*** Opening of Extracted data ***

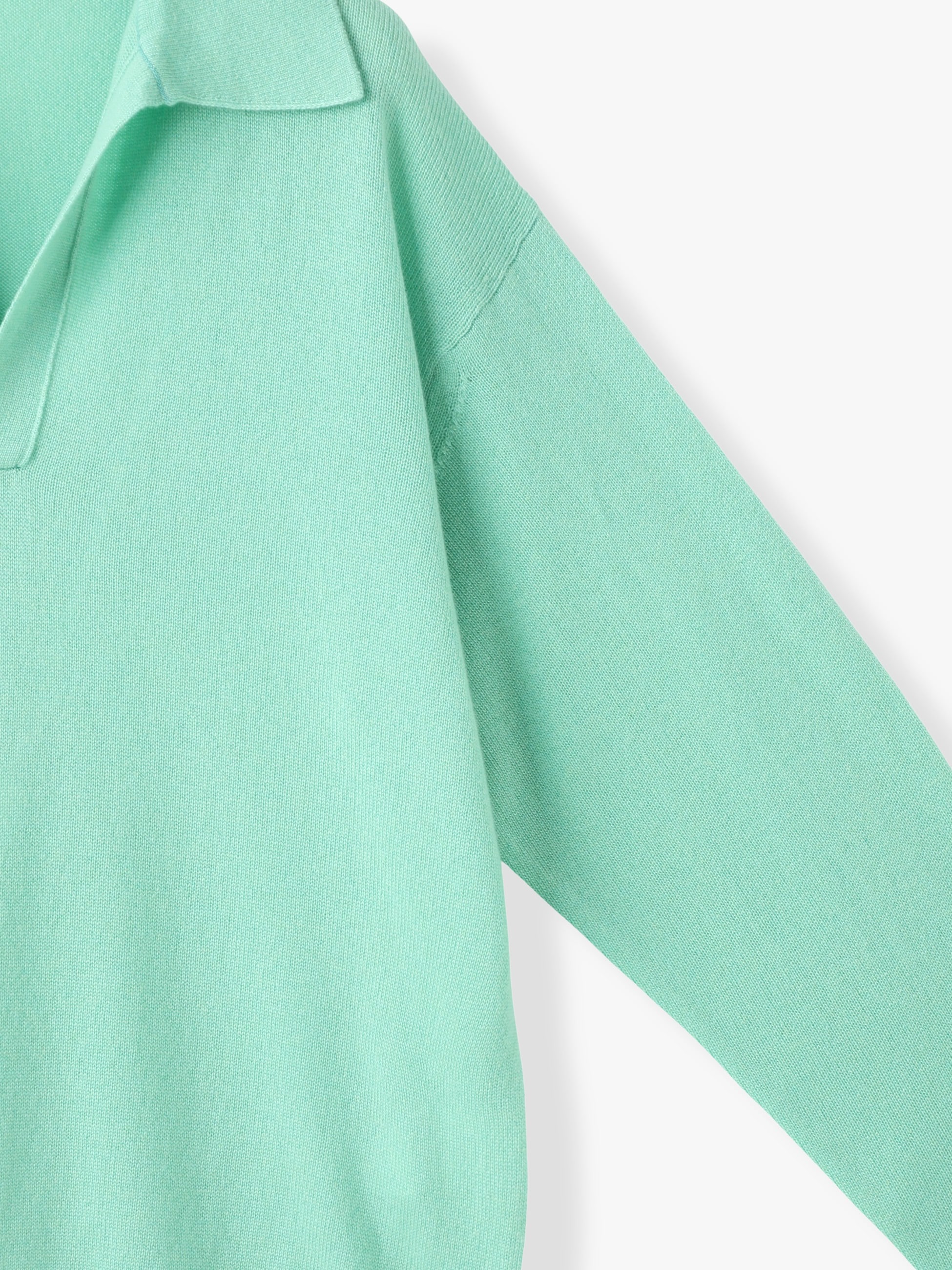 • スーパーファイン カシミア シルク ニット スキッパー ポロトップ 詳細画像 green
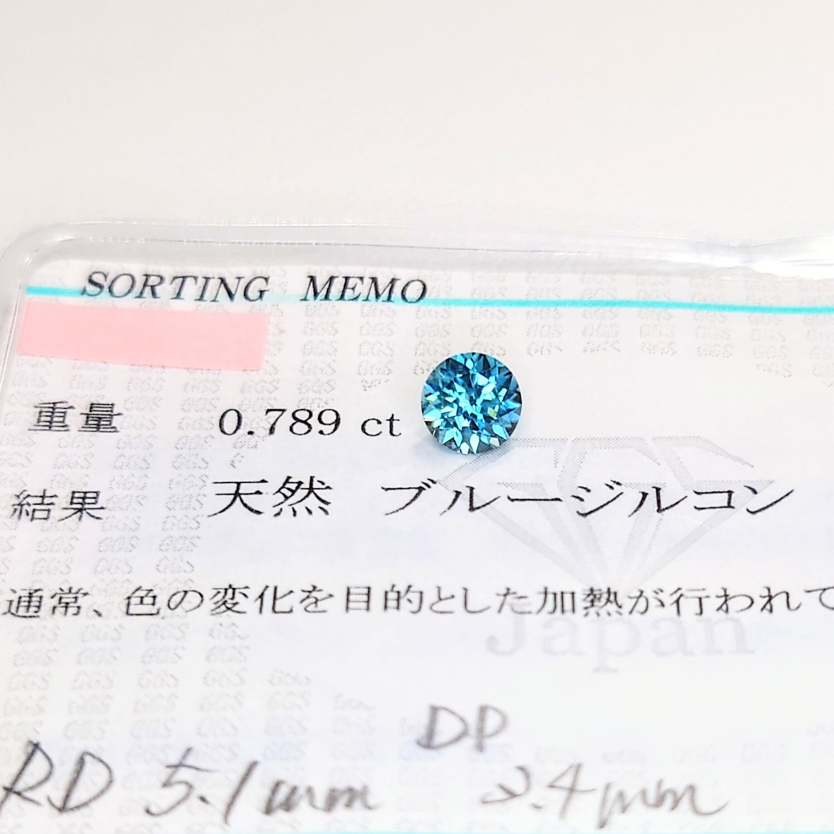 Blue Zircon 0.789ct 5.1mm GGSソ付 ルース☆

*** Close of Extracted data ***
*** Opening of Extracted data ***

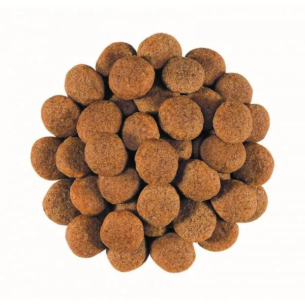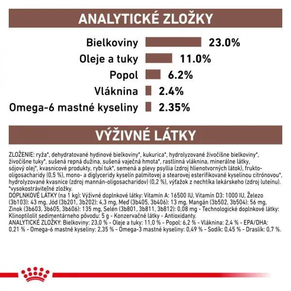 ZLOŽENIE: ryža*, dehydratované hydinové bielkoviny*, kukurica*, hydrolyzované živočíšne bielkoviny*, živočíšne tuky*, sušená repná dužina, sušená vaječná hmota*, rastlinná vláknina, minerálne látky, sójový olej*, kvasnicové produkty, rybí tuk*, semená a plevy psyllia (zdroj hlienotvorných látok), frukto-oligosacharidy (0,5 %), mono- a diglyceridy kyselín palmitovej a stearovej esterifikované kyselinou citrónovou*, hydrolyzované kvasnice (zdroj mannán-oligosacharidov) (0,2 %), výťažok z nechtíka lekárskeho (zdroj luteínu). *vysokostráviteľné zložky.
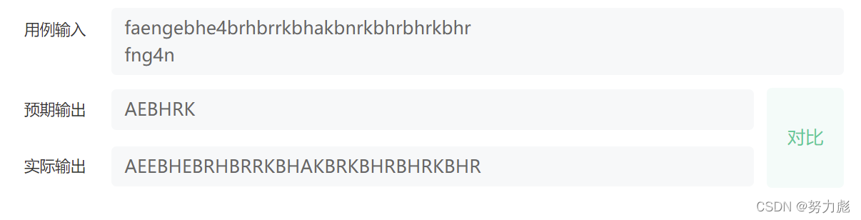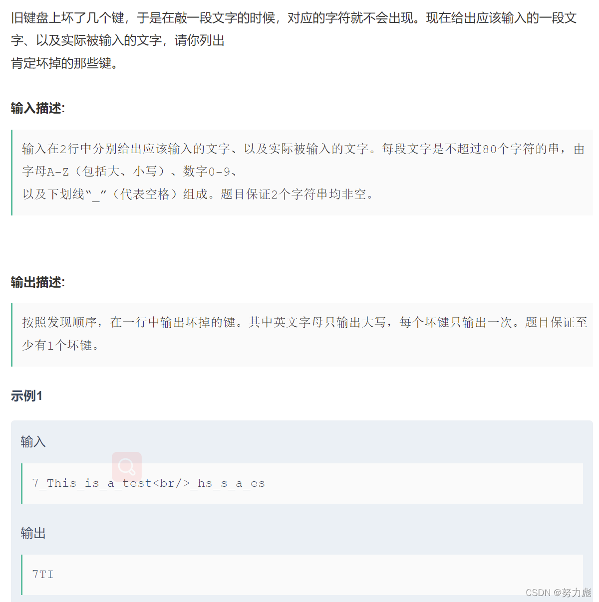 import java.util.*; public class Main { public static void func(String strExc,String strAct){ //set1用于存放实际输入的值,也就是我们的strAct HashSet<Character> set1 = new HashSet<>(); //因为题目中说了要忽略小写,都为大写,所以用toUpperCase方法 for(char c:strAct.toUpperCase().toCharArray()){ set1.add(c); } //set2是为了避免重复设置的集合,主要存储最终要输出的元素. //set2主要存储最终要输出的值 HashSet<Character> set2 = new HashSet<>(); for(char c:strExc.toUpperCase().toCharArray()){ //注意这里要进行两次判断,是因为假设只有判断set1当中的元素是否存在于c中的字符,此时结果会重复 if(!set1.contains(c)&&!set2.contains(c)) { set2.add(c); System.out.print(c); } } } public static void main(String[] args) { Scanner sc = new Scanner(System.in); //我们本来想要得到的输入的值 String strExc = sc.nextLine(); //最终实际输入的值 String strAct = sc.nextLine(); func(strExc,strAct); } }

*** Close of Extracted data ***
*** Opening of Extracted data ***

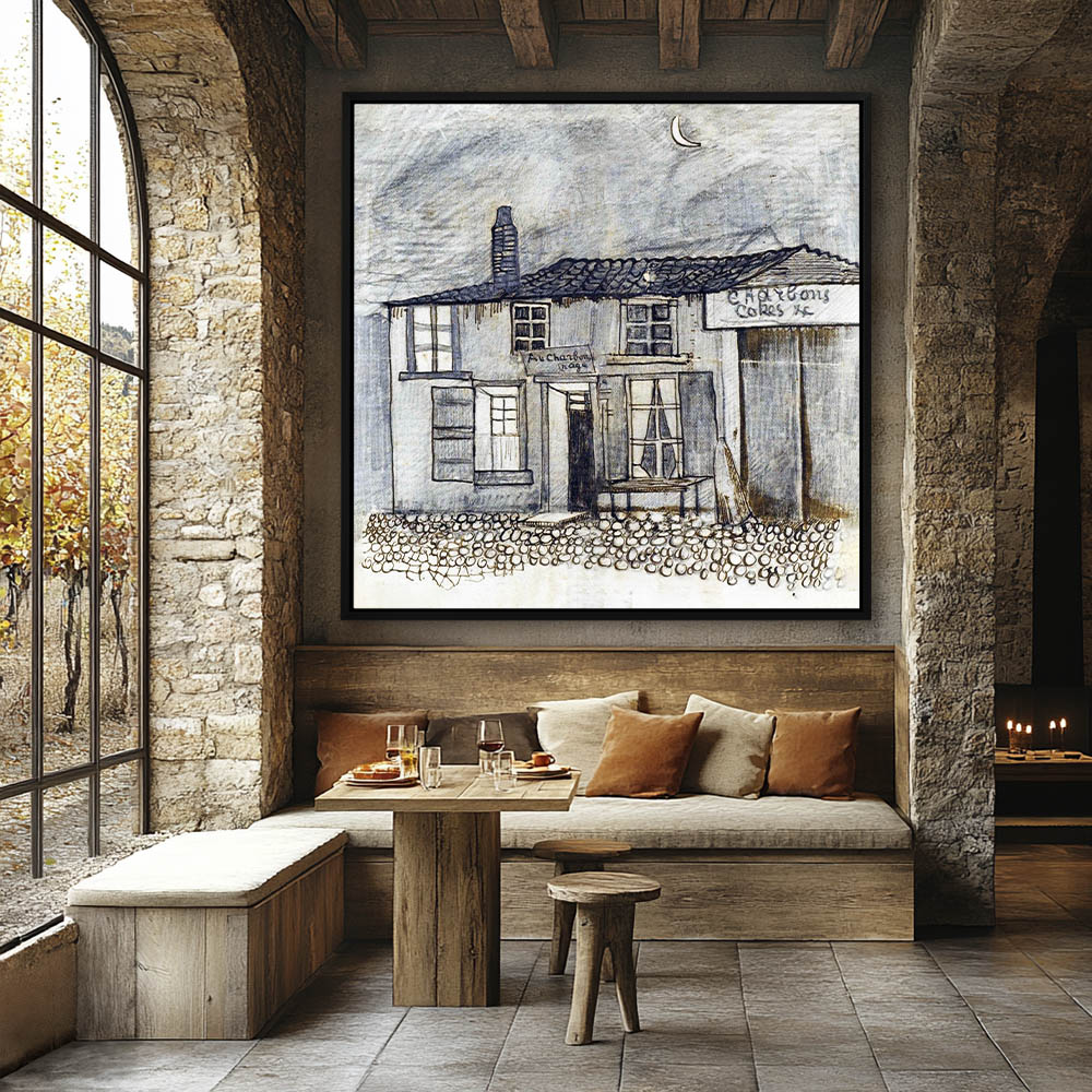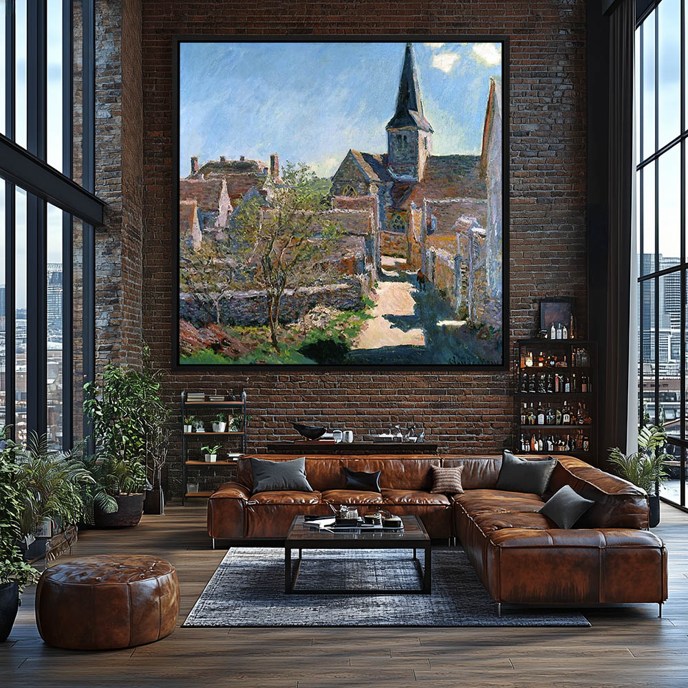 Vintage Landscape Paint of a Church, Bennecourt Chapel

*** Close of Extracted data ***

▶ [Task item]:
Take the material above and output only the lines from the one that contains "ポロトップ 詳細画像 green" through the one that contains "Blue Zircon 0.789ct 5.1mm GGSソ付 ルース☆", ends included and images left out.

▶ [Solution to the problem]:
 • スーパーファイン カシミア シルク ニット スキッパー ポロトップ 詳細画像 green
 Blue Zircon 0.789ct 5.1mm GGSソ付 ルース☆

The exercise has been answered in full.